A scalable framework for heterogeneous GPU-based clusters

  • Authors:
  • Fengguang Song;Jack Dongarra

  • Affiliations:
  • University of Tennessee, Knoxville, TN, USA;University of Tennessee, Knoxville, TN, USA

  • Venue:
  • Proceedings of the twenty-fourth annual ACM symposium on Parallelism in algorithms and architectures
  • Year:
  • 2012

Quantified Score

Hi-index 0.00

Visualization

Abstract

GPU-based heterogeneous clusters continue to draw attention from vendors and HPC users due to their high energy efficiency and much improved single-node computational performance, however, there is little parallel software available that can utilize all CPU cores and all GPUs on the heterogeneous system efficiently. On a heterogeneous cluster, the performance of a GPU (or a compute node) increases in a much faster rate than the performance of the PCI-Express connection (or the interconnection network) such that communication eventually becomes the bottleneck of the entire system.

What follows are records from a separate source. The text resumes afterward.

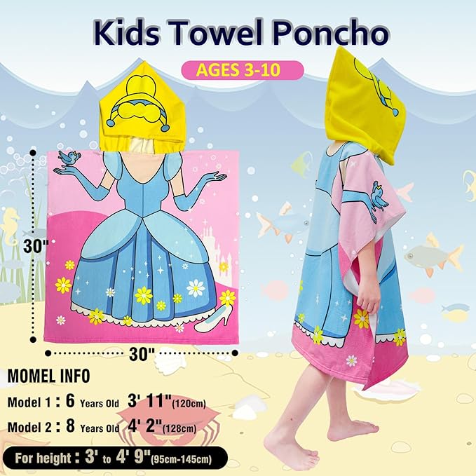 - ?Multi Uses?There's enough room to wrap around and cuddle up in. This poncho beach towels for kids are designed to dry their body or keep warm for kids, girls, and boys. It?s great for after the beach, pool, or bath, as well as to cover up before and after swim lessons. The size is 30??W X 30 "L for kids around 37" to 57" height.
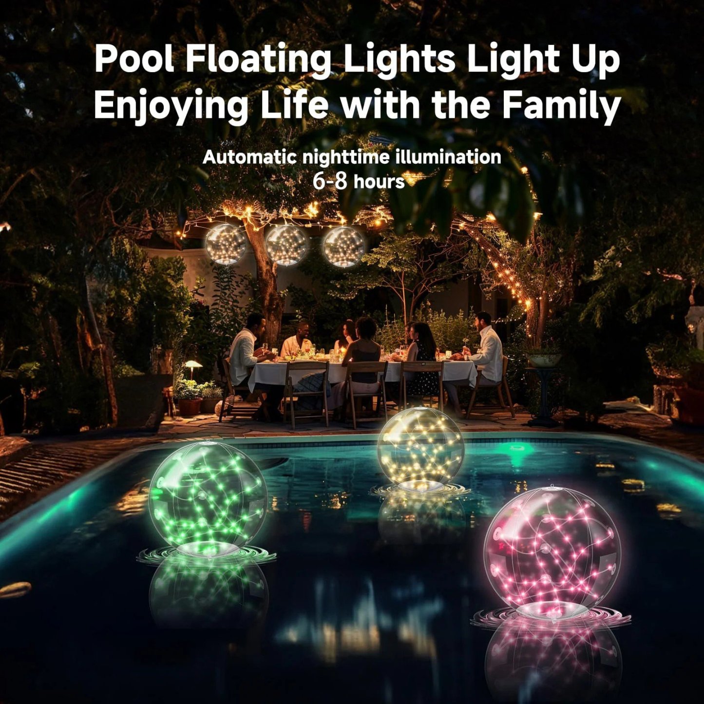 【Versatile Ambiance�?6 Colors Glowing balls Lights Elevate your surroundings! These LED are perfect for swimming pools, gardens, lawns, villas, courtyards, or pathways, adding a touch of magic to weddings and parties.
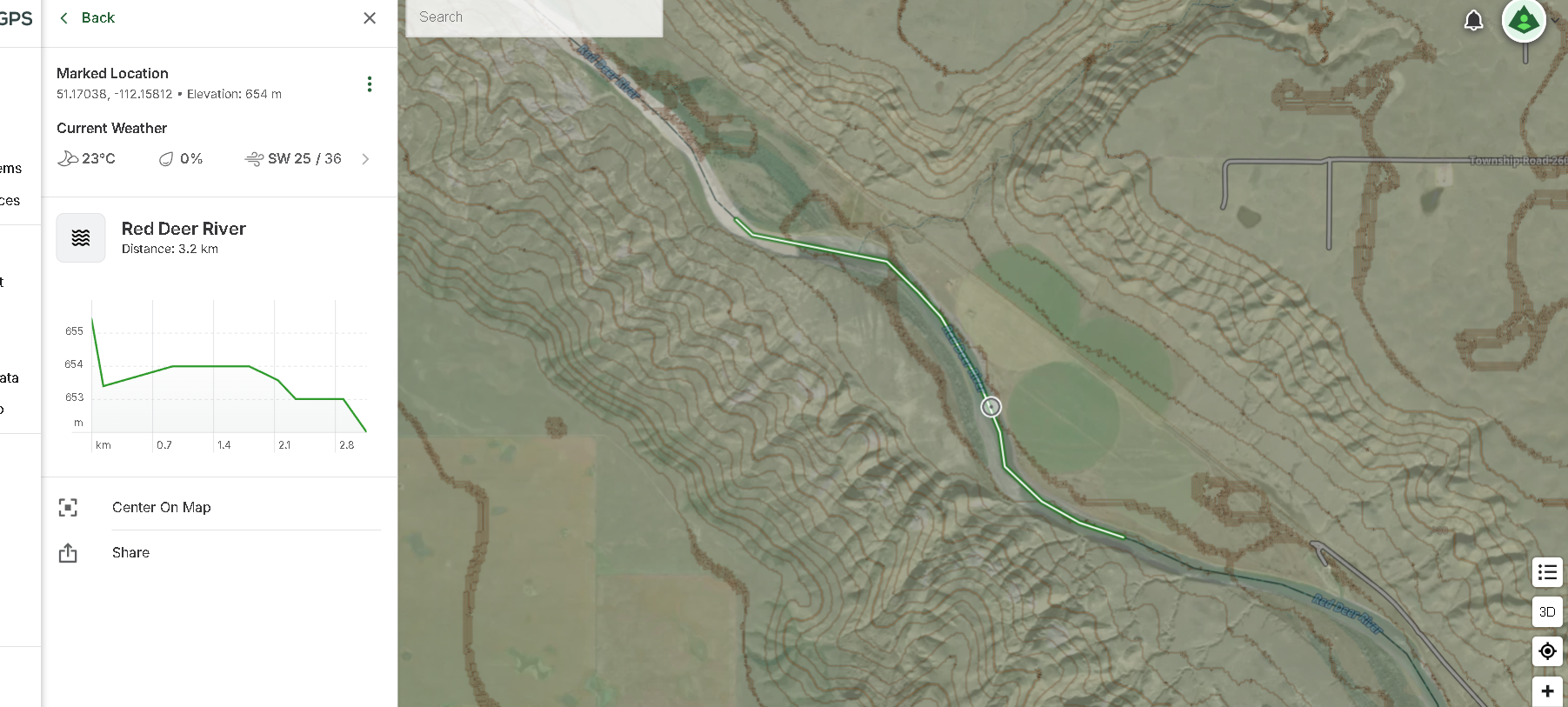 Here is another example - the red deer river and there's the line. I have Gaia Topo in meters on full view and Sat Topo selected as well with set to about 40%........
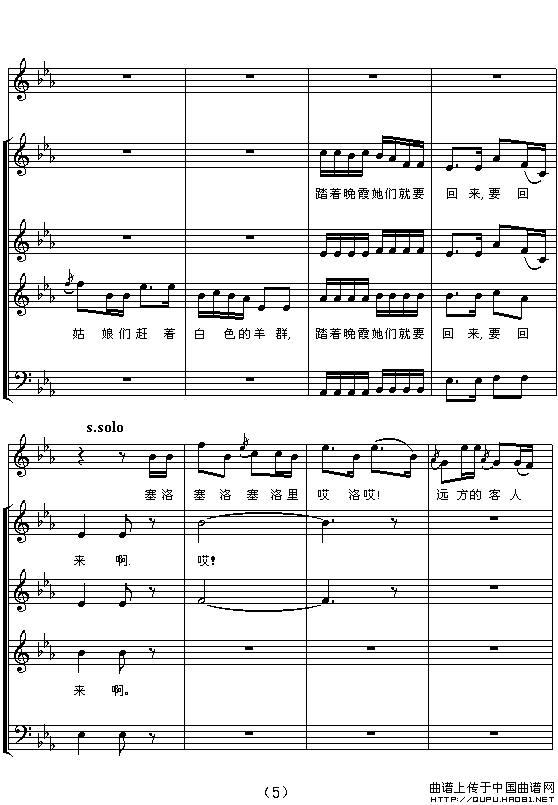 远方的客人请你留下(独唱及混声四部合唱、五线谱)
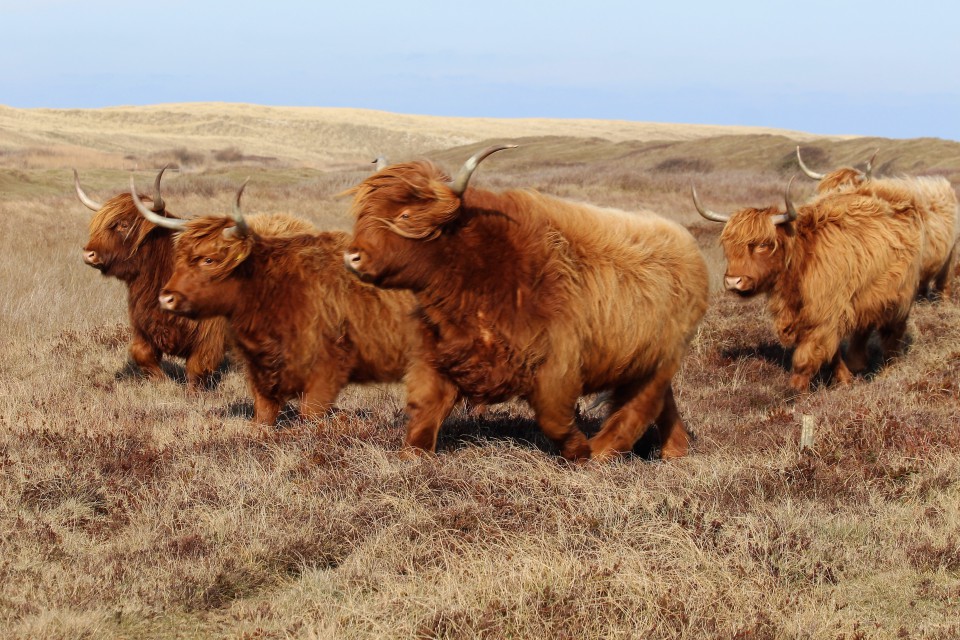 Foto van rennende Schotse Hooglanders wint Fotowedstrijd Texel 2019
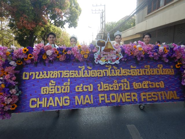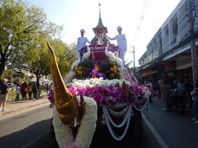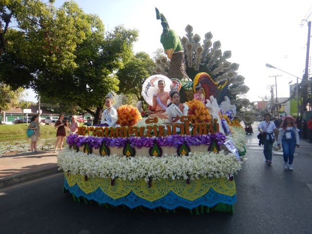 チェンマイ花祭りの2日目3日(土)の午前中は、盛大に華麗な花山車パレードが行なわれました。
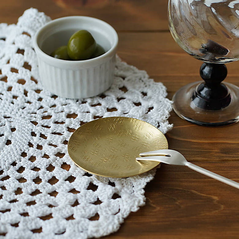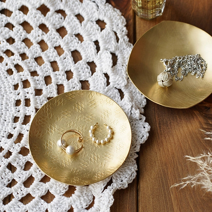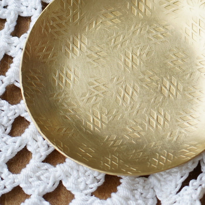 真鍮板を切り出し、木槌や金鎚でひとつひとつ手作業で叩いて制作されているこちらのミニトレイ。
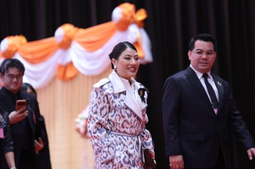 โอกาสนี้ นางสาวศศิธร กิตติธรกุล รัฐมนตรีช่วยว่าการกระทรวงมหาดไทย นายอรรษิษฐ์ สัมพันธรัตน์ ปลัดกระทรวงมหาดไทย นางจิณณารัชช์ สัมพันธรัตน์ นายกสมาคมแม่บ้านมหาดไทย นายสยาม ศิริมงคล อธิบดีกรมการพัฒนาชุมชน นางอรจิรา ศิริมงคล ประธานชมรมแม่บ้านพัฒนาชุมชน ผู้บริหารกระทรวงมหาดไทย ผู้บริหารกระทรวงพาณิชย์ ผู้ว่าราชการจังหวัดภาคตะวันออกเฉียงเหนือ คณะผู้บริหารกรมการพัฒนาชุมชน พัฒนาการจังหวัดภาคตะวันออกเฉียงเหนือ เจ้าหน้าที่ และผู้ประกอบการจากจังหวัดต่าง ๆ เฝ้ารับเสด็จ
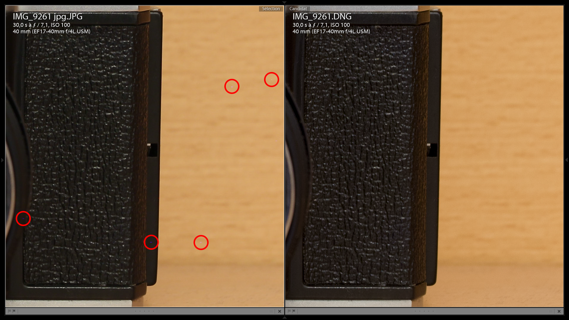 Dans cet exemple, j’ai utilisé un temps de pose de 30s et j’ai réglé la qualité d’image en JPG + RAW. Des pixels chauds sont visibles sur le JPG, mais pas sur le RAW :
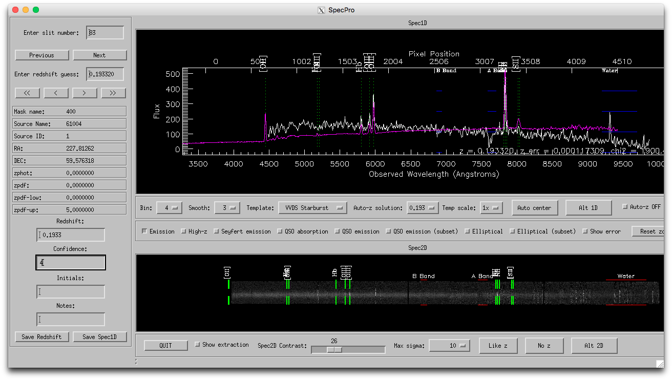Below the 1-d spectrum window, set bin=4, smooth=3. click “Emission” box to show location of common emission lines. You may also find “Elliptical (subset)” useful, and “QSO emission (subset)”, “High-z”, or “QSO absorption” useful depending on what types of objects are in your data.
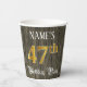 This opulent and elegant birthday themed paper cup design features a customisable name and the message “47th Birthday Party”. The large number “47th” has an imitation/faux gold-inspired colouring pattern, the words “Birthday Party” are in ornate script-style text, and the background features an imitation/faux woodgrain-inspired look. Luxurious, fancy paper cups like this might be used at a birthday party/celebration being held in celebration of somebody’s forty seventh birthday. [~Z0000568]

To overcome the bottleneck, we developed a multi-level partitioning and distribution method that guarantees a near-optimal communication volume. We have also extended heterogeneous tile algorithms to work on distributed memory GPU clusters. Our main idea is to execute a serial program and generate hybrid-size tasks, and follow a dataflow programming model to fire the tasks on different compute nodes. We then devised a distributed dynamic scheduling runtime system to schedule tasks, and transfer data between hybrid CPU-GPU compute nodes transparently. The runtime system employs a novel distributed task-assignment protocol to solve data dependencies between tasks without coordination between processing units. The runtime system on each node consists of a number of CPU compute threads, a number of GPU compute threads, a task generation thread, an MPI communication thread, and a CUDA communication thread. By overlapping computation and communication through dynamic scheduling, we are able to attain a high performance of 75 TFlops for Cholesky factorization on the heterogeneous Keeneland system using 100 nodes, each with twelve CPU cores and three GPUs. Moreover, our framework is able to attain high performance on distributed-memory clusters without GPUs, and shared-system multiGPUs.